Query the data
When you have your dataset loaded, you can start constructing some queries to discover what your data tells you. In this section, you learn how to write queries that answer these questions:
- How many rides take place each day?
- What is the average fare amount?
- How many rides of each rate type were taken?
- What kind of trips are going to and from airports?
- How many rides took place on New Year’s Day 2016?

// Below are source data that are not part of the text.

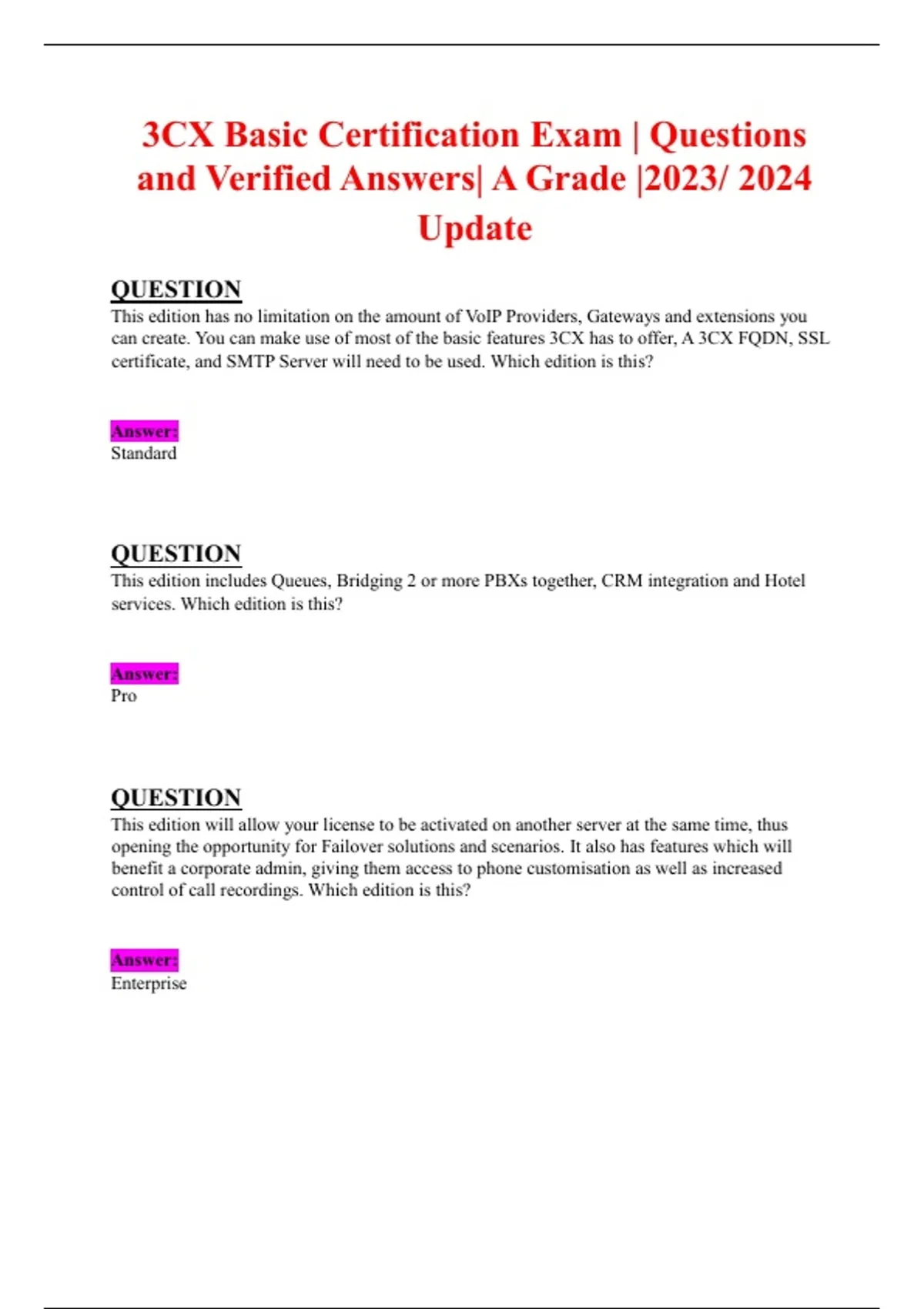 This edition includes Queues, Bridging 2 or more PBXs together, CRM integration and Hotel
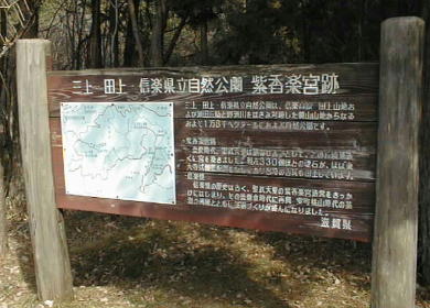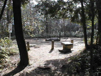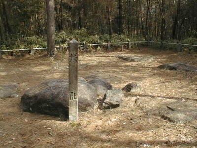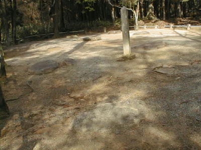 入る。「紫香楽宮跡」の表示の通りに行けばよい。紫香楽宮跡と刻まれた石塔がある所で、10mばかり森の中に入ると小さな広場が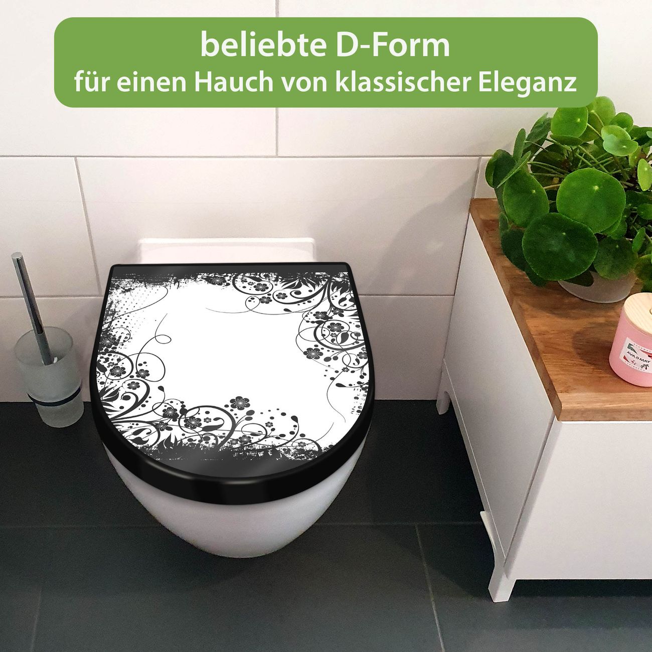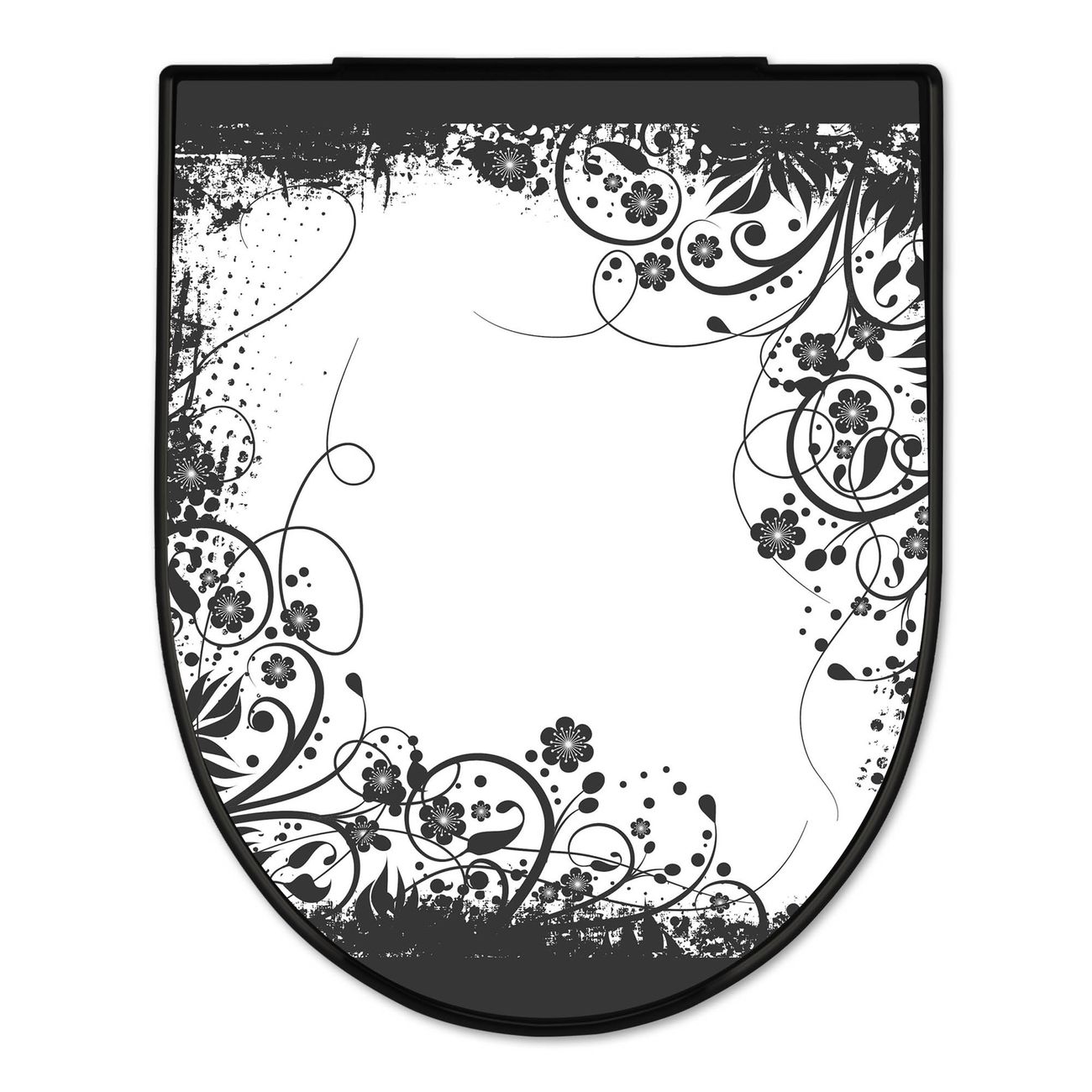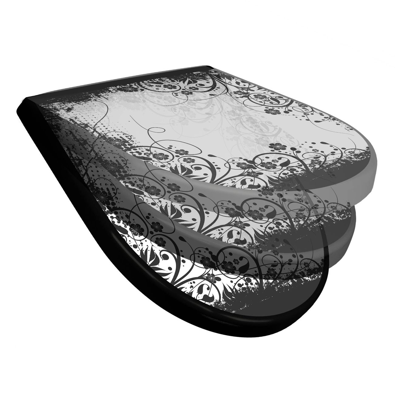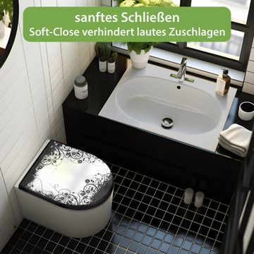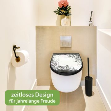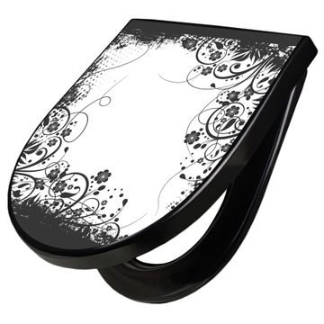 WC Sitz D-Form Schwarz mit Absenkautomatik Motiv Florales Schwarz-Weiß Muster

How many rides take place every day?
This dataset contains ride data for January 2016. To find out how many rides took place each day, you can use a SELECT
statement. In this case, you want to count the total number of rides each day, and show them in a list by date.
Finding how many rides take place every day
Connect to the Timescale Cloud database that contains the NYC taxi dataset.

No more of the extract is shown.